I remember patients dying without having family members visit them.
I remember the morgue being so full that there was a trailer parked outside the hospital to store the bodies.
I remember a woman telling me that she’d never left the house for months, but still contracted the virus.
I remember nursing homes sending all their patients to us.
I remember taking off my mask after eight long hours on shift: looking at myself in the mirror, seeing the scars, and damage it left on my face.
The work I’ve done in this pandemic has opened my eyes to the real world. I’ve learned, I think, that people don’t take things seriously until it’s far too late. That includes Americans–the American people, and its government.
This country’s failures regarding the COVID-19 pandemic are almost too long to list. For one thing, our lack of preparation for the virus produced a lack of PPE for healthcare workers, and all essential workers, and for that matter, for the protection of ordinary people. That put just about everyone at risk.
And to state the obvious: the virus spreads extremely quickly, and will continue to spread if people don’t take the proper precautions, like social distancing. It takes just one touch, or exposure to one cough to contract the virus. It’s hard to emphasize how easy it is to lapse, and become COVID positive. You need only unwittingly touch an infected surface once, and then touch your face, and you’re infected.
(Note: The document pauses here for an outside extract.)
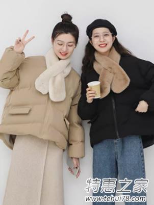 无论是杏色还是浅棕色,都是非常好看百搭的。这样的围巾可以搭配没有领子的棉服或者毛呢大衣,相当的可爱啦,让人觉得这个姑娘一顶非常精致的。

As far as I’m concerned, opening up the country is not a good idea. As I see it, if we open up, a second wave of the infection is inevitable; once it comes, it will kill more people than the first did, in part through the belief that the virus “evaporated” or somehow went away after the first wave.
But who am I to make such predictions, anyway? I’m just a healthcare worker who worked on the frontlines with COVID patients. For all I know, I’m COVID positive myself. I guess the bottom line here is that few will truly understand the magnitude and significance of this disease unless they’ve put their lives at risk, and witnessed its effects themselves.
Kendra Francisco is a nurse’s assistant at Englewood Health Center, Englewood, New Jersey, and an undergraduate at Felician University, in Lodi, New Jersey.